La humanidad envejece de una manera imparable y no sólo en el primer mundo sino en todo el planeta. La esperanza de vida ha aumentado desde 1.950, dos décadas. La población española envejece a pasos agigantados. Con una natalidad baja y una esperanza de vida muy alta, España se situa en el cuarto lugar de los paises más envejecidos del planeta y las Naciones Unidas vaticinan que en 2.050 seremos el segundo pais  después de Japón. Se calcula que seremos  un 33% los mayores de 60 años.

Leo todo esto y me pongo a pensar y quiero que penseis vosotros también: ¿que va a pasar en el futuro? ¿nos hemos equivocado con tanto avance médico y tanta mejora de la calidad de vida? ¿estamos yendo contra la naturaleza? ¿para que sirve vivir veinte años más, justo cuando tu cuerpo empieza a declinar y normalmente baja esa calidad de vida? ¿somos los ancianos un problema y ahora se están dando cuenta? ¿somos una carga? ¿por que antes no existian enfermedades en mayores que sí que existen ahora? ¿no será la longevidad la culpable?.  Dicen que la situación es “una bomba de relojería” ¿que nos quieren decir con esto?.
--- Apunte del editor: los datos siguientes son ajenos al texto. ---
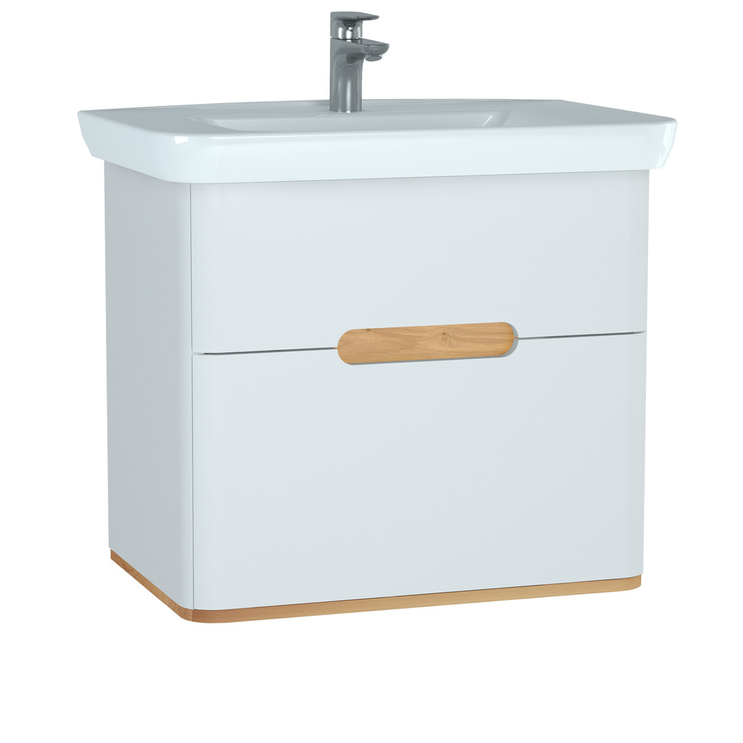 VitrA Bad Waschtisch-Möbel-Set Sento 78x48,5x68,5cm, 2 Vollauszüge, weiß matt, Dekor

Son muchas preguntas y me gustaría conocer la respuesta, pero hay otra incógnita que pulula por mi cerebro: la diferencia en años de vida entre nacer por ejemplo en España o nacer en Rusia es de 21 años y si nuestra esperanza de vida es superior a los 80 años, en Afganistán o Zimbawe  no supera los 45.

Ahí os dejo los datos para que pensemos juntos.